* **EXERCISE GOAL**: When copying the entries below, leave out every picture and keep the rest exact.

(Stored items from a collection)
-*-
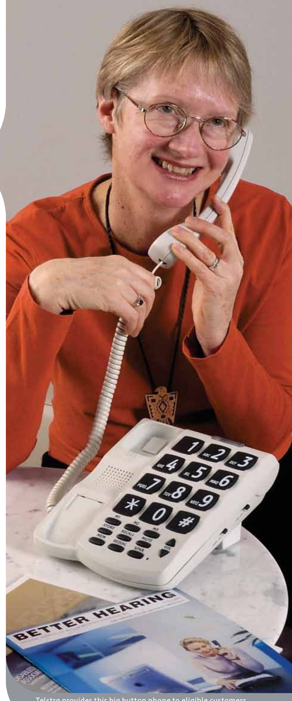
Telstra provides this big button phone to eligible customers through our Disability Equipment Program .
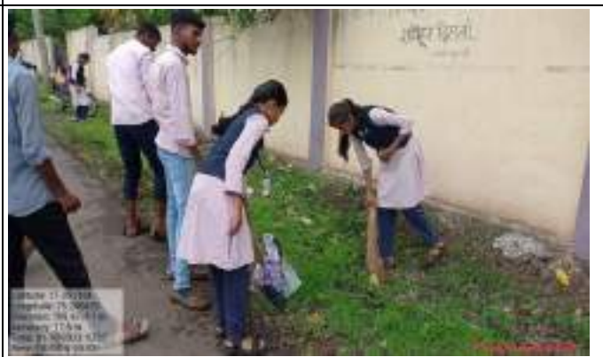
Cleaning at College Premises is done by NSS Volunteers
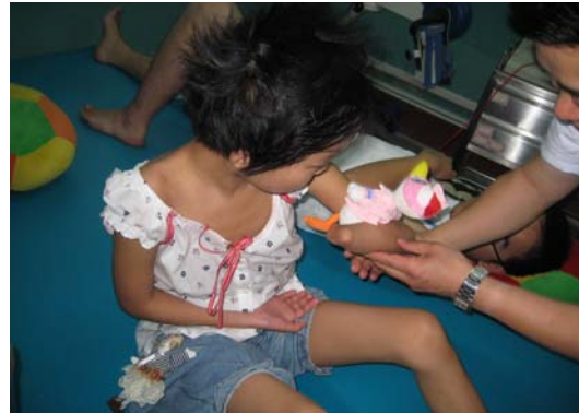
Rehabilitation of seriously injured child
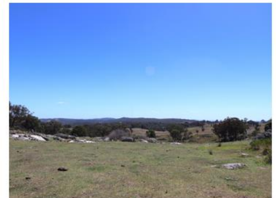
North View (Inset)
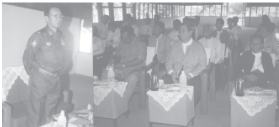
MINISTER MEETS MARTIAL ARTS MASTERS: Minister for Sports Brig-Gen Thura Aye Myint met executives of Myanmar Martial Arts Federation and athletes at Myanmar Martial Arts Training School in Dagon Myothit (North) Township on 6 October. The minister delivers an address at the meeting.
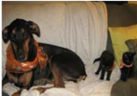
Sweetie Pie, Nutmeg and Pepper

Through the foster program, I've seen firsthand the comprehensive care that the OHS provides, with enthusiasm and compassion. Ottawa is fortunate to have strong community support for our animal shelter – financially, and with volunteers and local media. Many shelters simply cannot invest the veterinary care, the medications, the surgeries and the behavioural training that makes many animals adoptable.
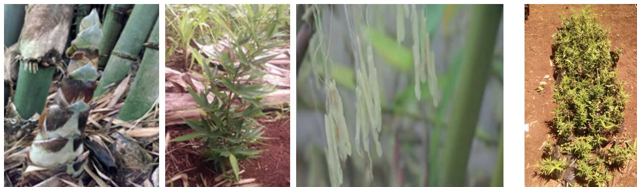
Bamboo naturally propagated

Therefore, vegetative propagation is the most popular and effective of the methods.
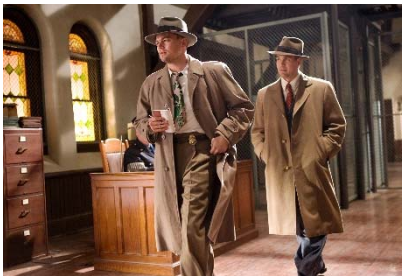
Leonardo DiCaprio and Mark Ruffalo in SHUTTER ISLAND (2010, Dir. Martin Scorsese).
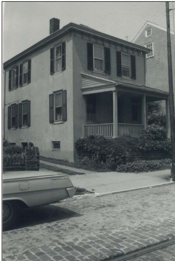
Fig. 13. An undated photograph from the twentieth century showing the house and an altered porch construction but with its shutters intact.

The detached dwelling at 8224 Germantown Avenue was built between 1885 and 1889 by Detweiler (alternatively spelled Detwiler) sisters Harriett and Caroline, ux. Hammond. The two women were born and raised in Chestnut Hill by a family counted among the area's earliest settlers. The modest house reflects a vernacular expression derived from the period's popular picturesque architectural design as exemplified at the highest levels by A.J. Downing that would come to define the early architectural character of the Chestnut Hill neighborhood. After the 1854 Act of Consolidation and the opening of the Germantown Railroad, Chestnut Hill developed into a fashionable nineteenth century suburb. This house and those like it scattered throughout the neighborhood evolved into the defining style of the built environment of Chestnut Hill: sturdily constructed but not overwhelmingly large houses on relatively small lots that have an important visual connection both to the street and to their neighbors. 1
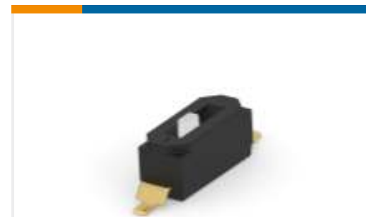
TE Part #2-2319847-2 END STACK DIP 1P G RAISED T&R
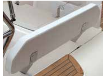
Fixed right side backrest with cushions
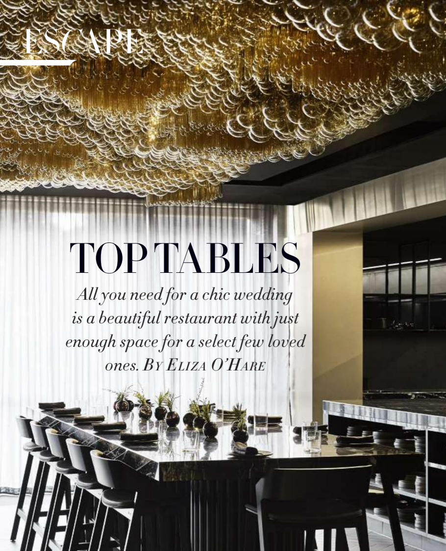
Doot Doot Doot at Jackalope hotel.

All you need for a chic wedding is a beautiful restaurant with just enough space for a select few loved ones. BY ELIZA O'HARE
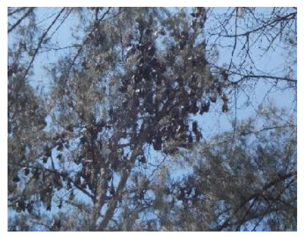
Fig. 2. Cynopterus brachyotis colony that occupies Pinus mercusii tree in Blangraya Village, Muara Tiga Sub-district, District Pidie [5]
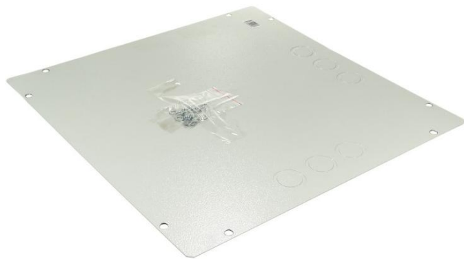
visualization of the floor plate
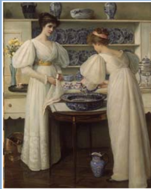
Blue and White by Jopling
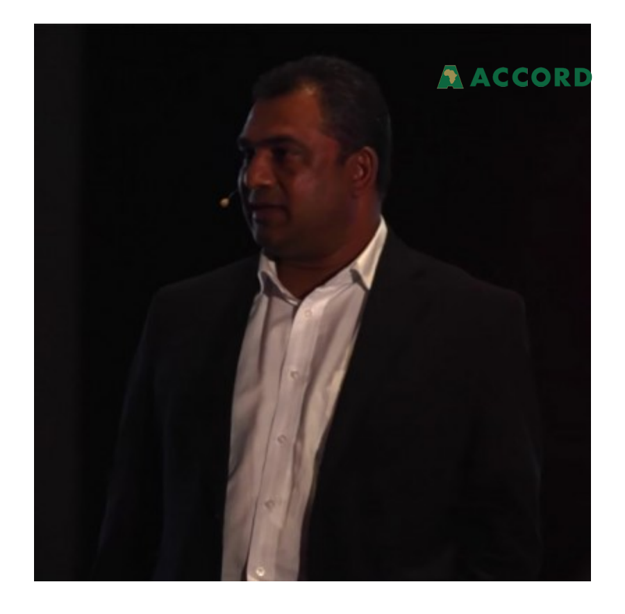
The Possibility of Peace in the 21st Century
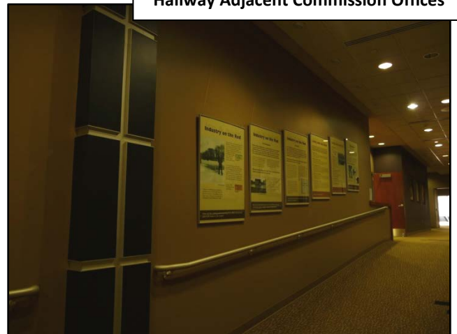
Hallway Adjacent Commission Offices

Location: The preferred location for an exhibit would be the hallway adjacent the Commission Offices. Although the existing displays would need to be moved, this is the only location within City Hall with a hanging system. Artwork will also be protected from direct sunlight.
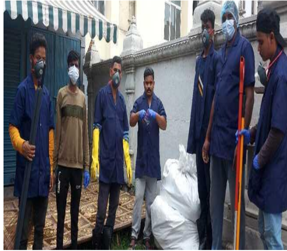
Finally, the collected debris were packed in large bags were kept at the designated points for the city corporation sanitary vehicle to collect and dispose.
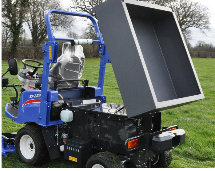
Tipping storage box for easy service access.
-*-
* **WRITTEN RESPONSE**:
Telstra provides this big button phone to eligible customers through our Disability Equipment Program .
Cleaning at College Premises is done by NSS Volunteers
Rehabilitation of seriously injured child
North View (Inset)
MINISTER MEETS MARTIAL ARTS MASTERS: Minister for Sports Brig-Gen Thura Aye Myint met executives of Myanmar Martial Arts Federation and athletes at Myanmar Martial Arts Training School in Dagon Myothit (North) Township on 6 October. The minister delivers an address at the meeting.
Sweetie Pie, Nutmeg and Pepper

Through the foster program, I've seen firsthand the comprehensive care that the OHS provides, with enthusiasm and compassion. Ottawa is fortunate to have strong community support for our animal shelter – financially, and with volunteers and local media. Many shelters simply cannot invest the veterinary care, the medications, the surgeries and the behavioural training that makes many animals adoptable.
Bamboo naturally propagated

Therefore, vegetative propagation is the most popular and effective of the methods.
Leonardo DiCaprio and Mark Ruffalo in SHUTTER ISLAND (2010, Dir. Martin Scorsese).
Fig. 13. An undated photograph from the twentieth century showing the house and an altered porch construction but with its shutters intact.

The detached dwelling at 8224 Germantown Avenue was built between 1885 and 1889 by Detweiler (alternatively spelled Detwiler) sisters Harriett and Caroline, ux. Hammond. The two women were born and raised in Chestnut Hill by a family counted among the area's earliest settlers. The modest house reflects a vernacular expression derived from the period's popular picturesque architectural design as exemplified at the highest levels by A.J. Downing that would come to define the early architectural character of the Chestnut Hill neighborhood. After the 1854 Act of Consolidation and the opening of the Germantown Railroad, Chestnut Hill developed into a fashionable nineteenth century suburb. This house and those like it scattered throughout the neighborhood evolved into the defining style of the built environment of Chestnut Hill: sturdily constructed but not overwhelmingly large houses on relatively small lots that have an important visual connection both to the street and to their neighbors. 1
TE Part #2-2319847-2 END STACK DIP 1P G RAISED T&R
Fixed right side backrest with cushions
Doot Doot Doot at Jackalope hotel.

All you need for a chic wedding is a beautiful restaurant with just enough space for a select few loved ones. BY ELIZA O'HARE
Fig. 2. Cynopterus brachyotis colony that occupies Pinus mercusii tree in Blangraya Village, Muara Tiga Sub-district, District Pidie [5]
visualization of the floor plate
Blue and White by Jopling
The Possibility of Peace in the 21st Century
Hallway Adjacent Commission Offices

Location: The preferred location for an exhibit would be the hallway adjacent the Commission Offices. Although the existing displays would need to be moved, this is the only location within City Hall with a hanging system. Artwork will also be protected from direct sunlight.
Finally, the collected debris were packed in large bags were kept at the designated points for the city corporation sanitary vehicle to collect and dispose.
Tipping storage box for easy service access.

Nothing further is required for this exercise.